The acquisition module is further configured to acquire auxiliary information related to the foreground page after switching, where the auxiliary information includes at least one of semantic information of the target control, usage information of a physical device of the terminal device, and usage information of software of the terminal device, where the physical device includes at least one of a microphone, a speaker, and a camera, and the software includes an input method;

the classification module is used for classifying the foreground pages according to the type and the coordinate position of the target control and the auxiliary information.

15. The page classification device of claim 11, wherein the target controls of the foreground page comprise a plurality of types, and the classification module is specifically configured to:

classifying the foreground pages using the pre-trained classifier model.

16. The page classification device of claim 15, wherein the classification module is further specifically configured to:

generating a layout block diagram according to the coordinate position of the attribute information of each group of target controls;

17. The page classification apparatus according to claim 15 or 16, wherein the acquiring module is further configured to acquire auxiliary information related to the foreground page after switching, the auxiliary information including at least one of semantic information of the target control, usage information of a physical device of the terminal device, and usage information of software of the terminal device, wherein the physical device includes at least one of a microphone, a speaker, and a camera, and the software includes an input method;

the classification module is also specifically configured to input attribute information of multiple groups of target controls and the auxiliary information into multiple input channels of a pre-trained classifier model respectively.

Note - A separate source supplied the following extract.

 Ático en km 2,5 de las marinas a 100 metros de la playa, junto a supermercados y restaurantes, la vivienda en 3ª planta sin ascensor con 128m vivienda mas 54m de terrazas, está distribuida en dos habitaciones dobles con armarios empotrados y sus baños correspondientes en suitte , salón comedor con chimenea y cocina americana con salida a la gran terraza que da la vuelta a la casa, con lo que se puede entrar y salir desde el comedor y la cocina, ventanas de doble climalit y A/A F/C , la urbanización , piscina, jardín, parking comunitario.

18. The page classification device of any of claims 11-17, wherein the type of target control comprises at least one of a button control, a text control, an image control, and an edit text control.

19. The page classification device of any of claims 11-18, wherein the types of foreground pages include a communication class, a shopping class, a reading class, a video class, a game class, a music class, and other classes.

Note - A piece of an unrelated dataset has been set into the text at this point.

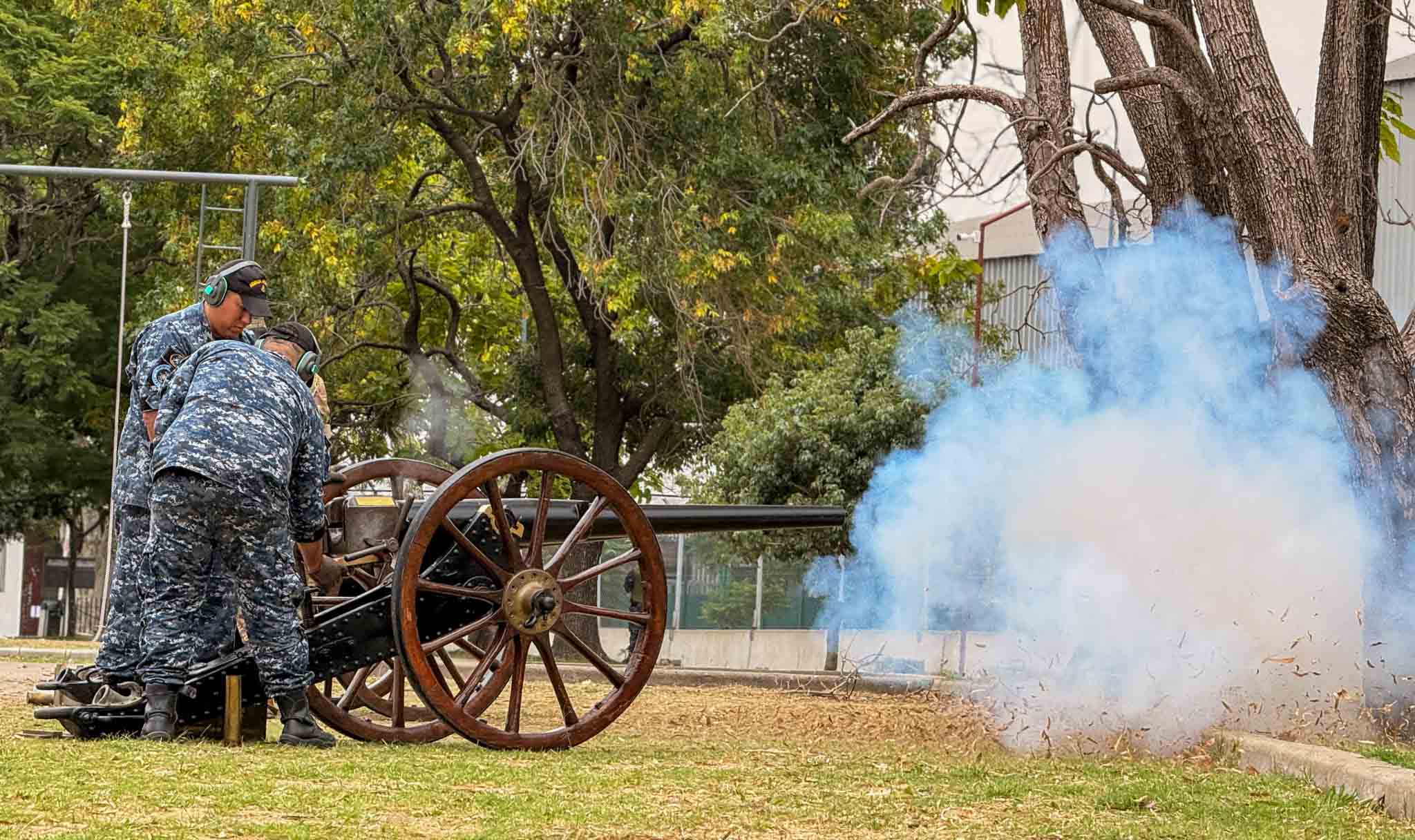 A continuación, integrantes de la guardia efectuaron disparos en honor al Padre de la Armada, seguidos por cuatro cañonazos de salva. Finalmente, y como es tradición, la Banda de Música del Estado Mayor General de la Armada interpretó la Marcha de San Patricio y la Marcha de la Armada.

20. The page classification device of claim 11, wherein the acquisition module is further specifically configured to:

21. A terminal device comprising a memory and a processor, the memory being for storing a computer program; the processor is configured to perform the method of any of claims 1-10 when the computer program is invoked.

22. A computer readable storage medium for storing a computer program which, when executed by a computer, causes the terminal device to implement the method of any one of claims 1 to 10.